During the 1990s, much of Linden's magazine writing was published in Time, which he joined in 1987 with the responsibility to conceive of, report, and write major stories on the environment and science.

Linden wrote the central story for TIME's first global special issue, "How to Save the Earth," published on Earth Day 2000. From 1988 through 2000, Linden has played a major role in all of TIME's special issues devoted to the environment including the international special issue, "Our Precious Planet,” and "Endangered Earth," in TIME's celebrated planet-of-the-year issue published in 1989.

Apart from his work on TIME's special issue, Linden's recent major articles for TIME include articles on climate change and a new threat to the Amazon rain forest in 2000. Both "Arctic Meltdown" and "The Amazon Tinderbox" ran as international cover stories and in shorter form in the U.S. edition. The Amazon story revisited an issue Linden first covered in his 1989 cover story, "Torching the Amazon."
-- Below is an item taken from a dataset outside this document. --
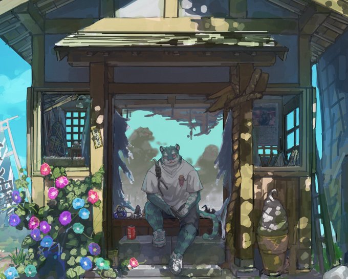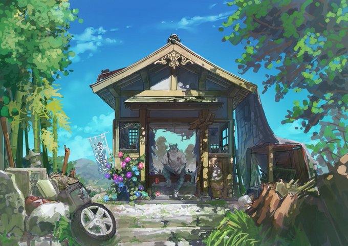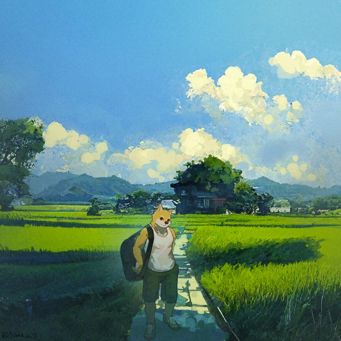 99 594 midjourneyで生成した風景にキャラを描いたもの 22/08/04 23:46

Linden has consulted with the U.S. State Department, and the United Nations Development Program. In 2001 he was named as one of four recipients of the first Poynter Fellowship at Yale University to be awarded for environmental journalism.

Apart from his writing, Linden speaks frequently about nature, environment and the future. He served as a final judge for the 2003 Jackson Hole Film Festival. He also serves on several nonprofit boards and advisory committees, and as an independent director of three companies.